━━ Data under study ━━

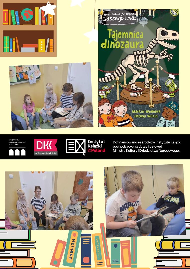 Podczas dzisiejszego spotkania Dyskusyjnego Klubu Książki dla dzieci rozmawialiśmy o książce „Tajemnica dinozaura” z serii Biuro Detektywistyczne Lassego i Mai. Uczestnicy chętnie dzielili się swoimi wrażeniami z lektury, omawiali ulubione momenty oraz próbowali samodzielnie rozwiązać zagadkę przed bohaterami. Dzieci zwróciły uwagę na ciekawą fabułę, humor i pomysłowe śledztwo. Na zakończenie spotkania odbyła się krótka zabawa tematyczna związana z dinozaurami.
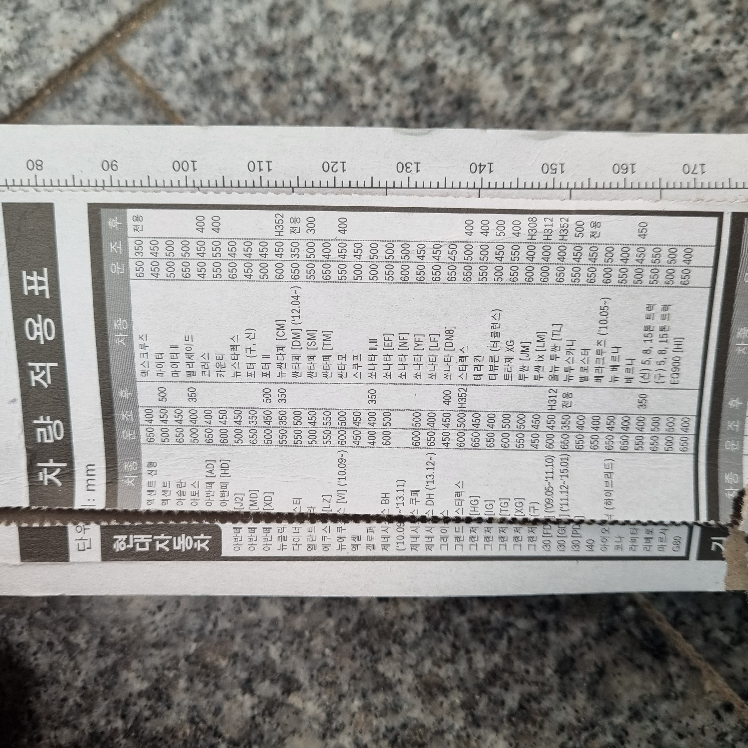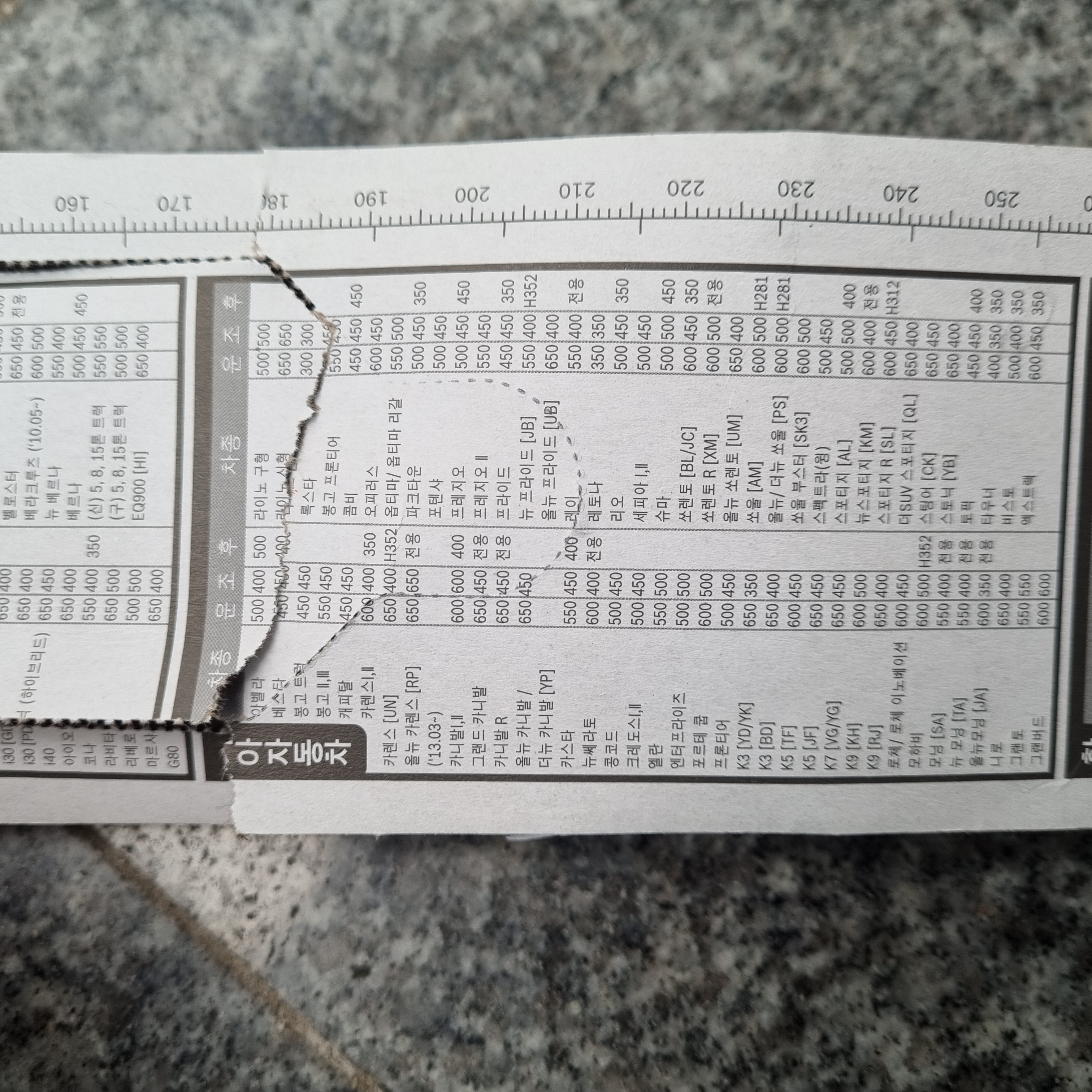 뜯다보니까 찢어져서 중간에 기아자동차는 조금 보기 힘드실 거 같은데요. 자동차별 와이퍼 사이즈를 적어둔 것이기 때문에 구매 전에 꼭 숙지하시기 바랍니다. 그리고 차량별 연식에 따라서도 조금 다르기 때문에 꼭 본인 차량 연식도 확인해서 찾으셔야합니다.
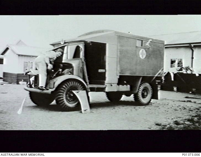 BATHURST, NSW. NF389009 DRIVER DOROTHY PASCOE (AWAS) SERVICING HER AUSTIN 2 TON AMBULANCE AT THE DEPOT OF NO. 3 PLATOON, 2ND AUSTRALIAN AMBULANCE CAR ...
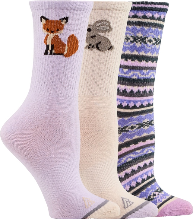The Ripzone Women's Animals Crew Socks feature fun, nature-inspired graphic designs and moderate cushioning for a snug, comfortable fit.
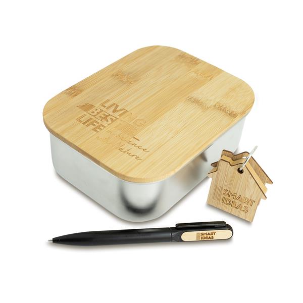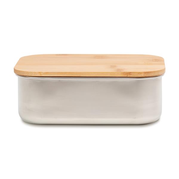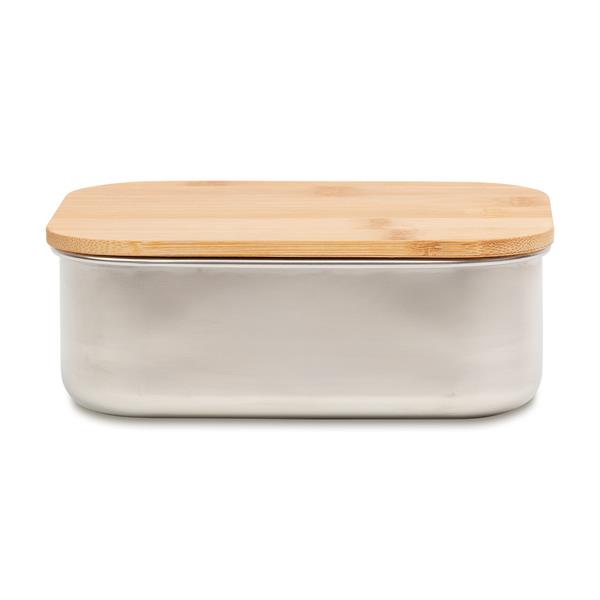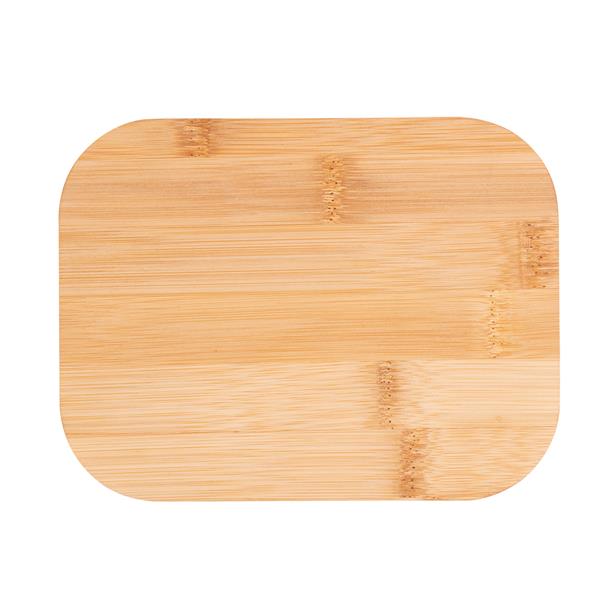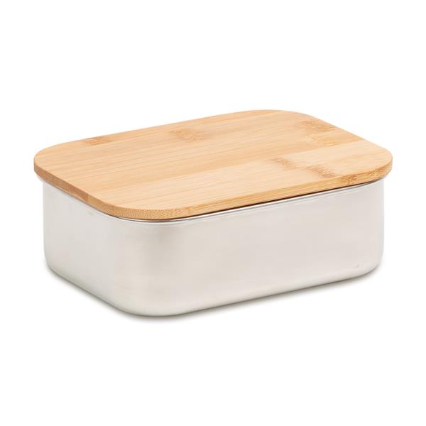 Stalowy pojemnik na lunch z pokrywką z bambusa, którą można wykorzystać jako tackę. Idealny na piknik, do biura, kemping. Pojemność 800 ml.
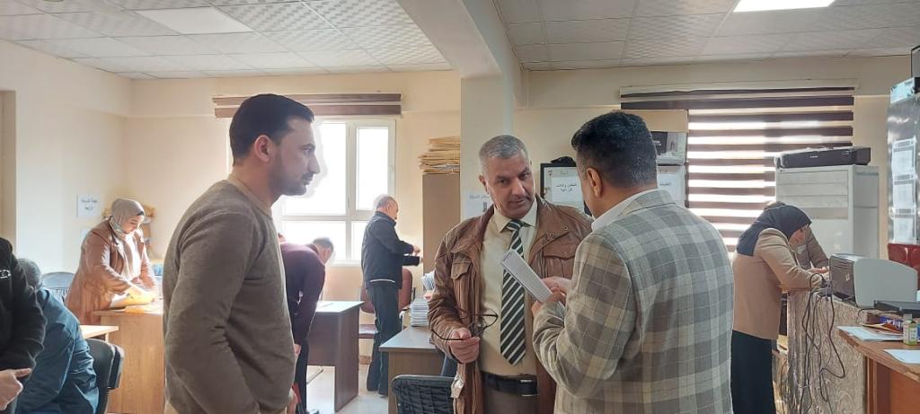 Today, Thursday, January 26, Prof. Dr. Muhammad Younis Al-Allaf (Dean of the College) visited the examination committee in our college. Prof. Dr. Muhammad Sobhi (Chairman of the Examination Committee) gave the Dean a detailed explanation of the work of the examination committee by preparing all the requirements for the success of the exams in the college. The Dean called on the committee members to cooperate to overcome all difficulties to ensure the success of conducting the exams in a way that raises the college’s reputation. Al-Allaf praised all their efforts for the success of the scientific and educational process, especially the preparation of the committee administratively and scientifically before starting the exams in terms of practices for supplies.
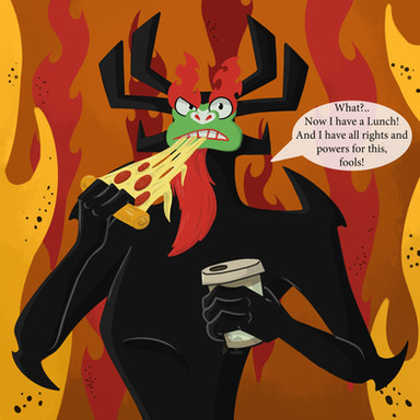 Aku: *in a drunken voice* uh...Loong ago.... in a.... uh... *hic* dishbbtant land.. *hic* I ,akuuu the shape-shifffbbting master of darkness. Un--leashed... an unspeakable...*hic* evuul... *buurp* bleh forget it... *collapses*
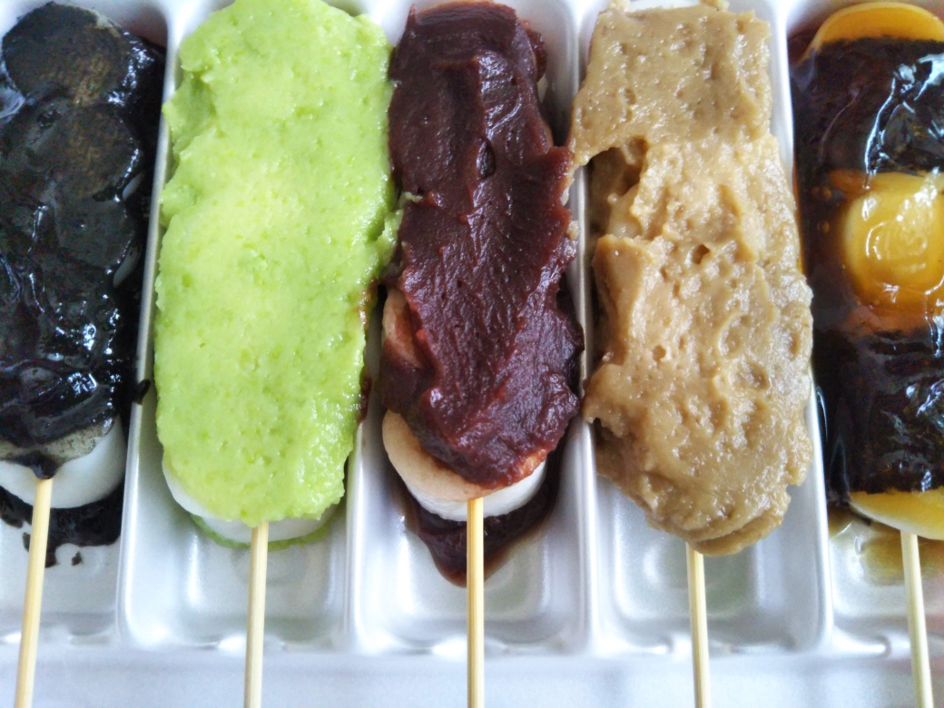 もちっとした食感のだんごにたっぷりの餡。5色がそれぞれにおいしい・・・(と思う)。
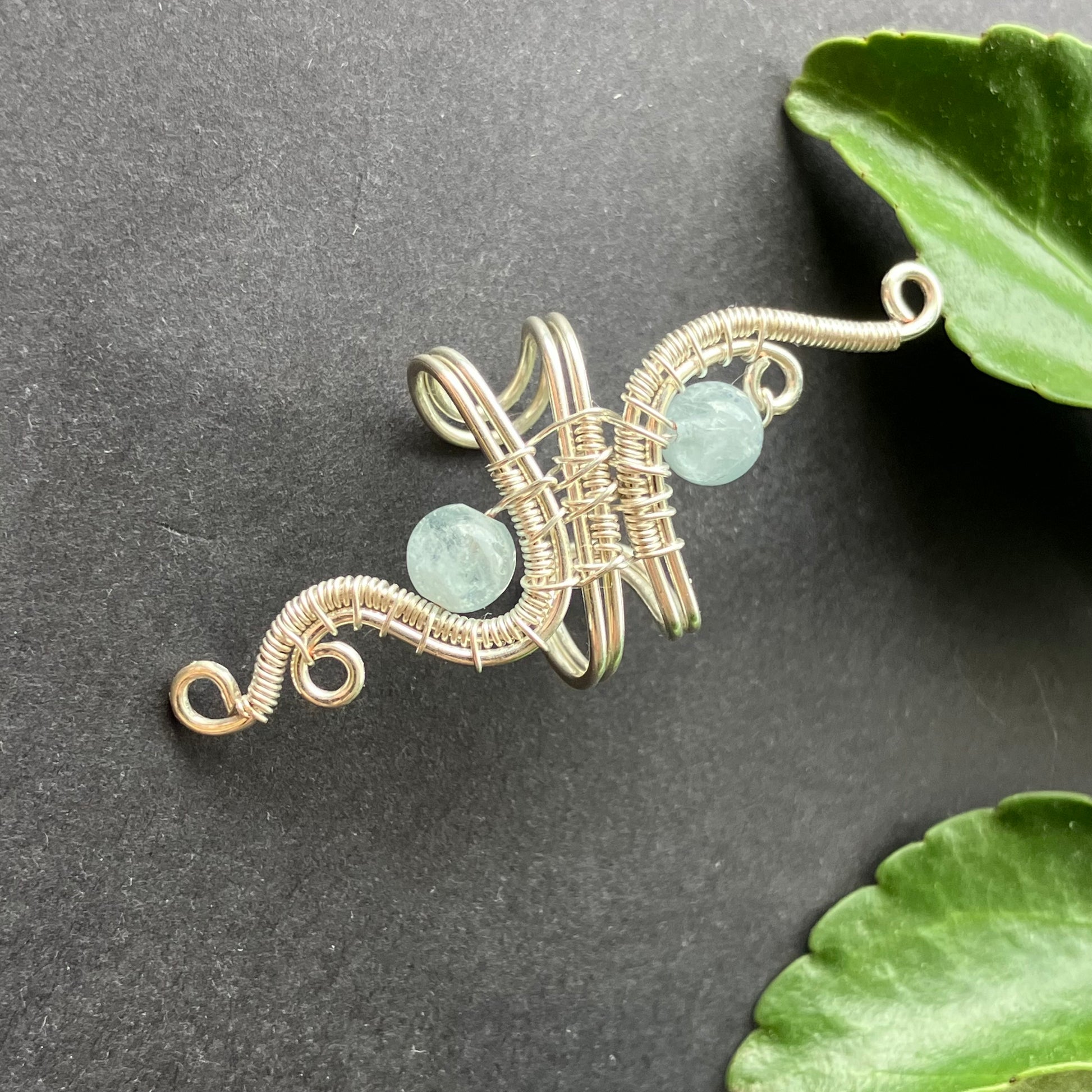 Fantasy ear cuff with aquamarine stones. You do not need pierced ears to wear it.
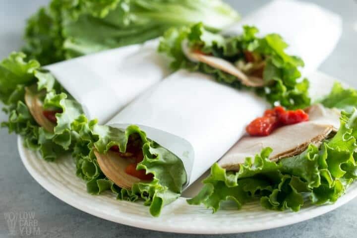 Low Carb Lettuce Wraps with Turkey & Roasted Peppers–Quick and easy low carb lettuce wraps make a perfect keto lunch on the go. Just wrap deli meat, cheese, and veggies in a large lettuce leaf. Low Carb Yum
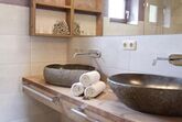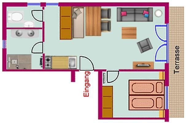 1 Wohnschlafraum mit Doppelschlafcouch, Sat-TV, Küchenzeile mit Spülmaschine, Toaster, Wasserkocher, Kaffeemaschine und Mikrowelle, Dusche/Doppelwaschbecken, separates WC mit Haarföhn, Kosmetikspiegel und Südwest-Terrasse, Safe, Telefon, 1 Parkplatz.
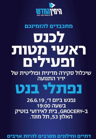 בהזמנה תחת הכותרת "הימין החדש בראשות שקד ובנט", נכתב כי "לכנס ראשי מטות ופעילים שיכלול סקירה מדינית ופוליטית של יו"ר התנועה נפתלי בנט" למפגש שייערך ביום רביעי הקרוב, בתל מונד.

━━━

◆ Exercise ◆
Once the line with "Aku: *in a drunken" is found above, print it and every line after it through the line with "もちっとした食感のだんごにた", exactly. Pictures stay out.

◆ Problem solution ◆
 Aku: *in a drunken voice* uh...Loong ago.... in a.... uh... *hic* dishbbtant land.. *hic* I ,akuuu the shape-shifffbbting master of darkness. Un--leashed... an unspeakable...*hic* evuul... *buurp* bleh forget it... *collapses*
 もちっとした食感のだんごにたっぷりの餡。5色がそれぞれにおいしい・・・(と思う)。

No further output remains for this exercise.